---- Records for this task

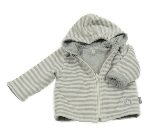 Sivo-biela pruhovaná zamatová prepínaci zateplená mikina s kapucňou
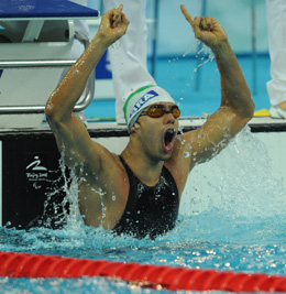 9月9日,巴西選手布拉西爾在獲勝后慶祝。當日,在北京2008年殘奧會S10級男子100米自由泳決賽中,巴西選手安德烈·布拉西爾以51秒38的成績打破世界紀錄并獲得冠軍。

--------
---- Records for this task

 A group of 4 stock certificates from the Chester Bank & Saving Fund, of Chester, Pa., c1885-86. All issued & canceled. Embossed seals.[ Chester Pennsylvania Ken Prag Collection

--------

#### [Goal of the exercise]
Your task is to copy only the lines above starting at the one containing "Sivo-biela pruhovaná zamatová" and ending at the one containing "9月9日,巴西選手布拉西爾在". Copy them exactly, both ends included, and omit the pictures.

#### [Solved exercise]
 Sivo-biela pruhovaná zamatová prepínaci zateplená mikina s kapucňou
 9月9日,巴西選手布拉西爾在獲勝后慶祝。當日,在北京2008年殘奧會S10級男子100米自由泳決賽中,巴西選手安德烈·布拉西爾以51秒38的成績打破世界紀錄并獲得冠軍。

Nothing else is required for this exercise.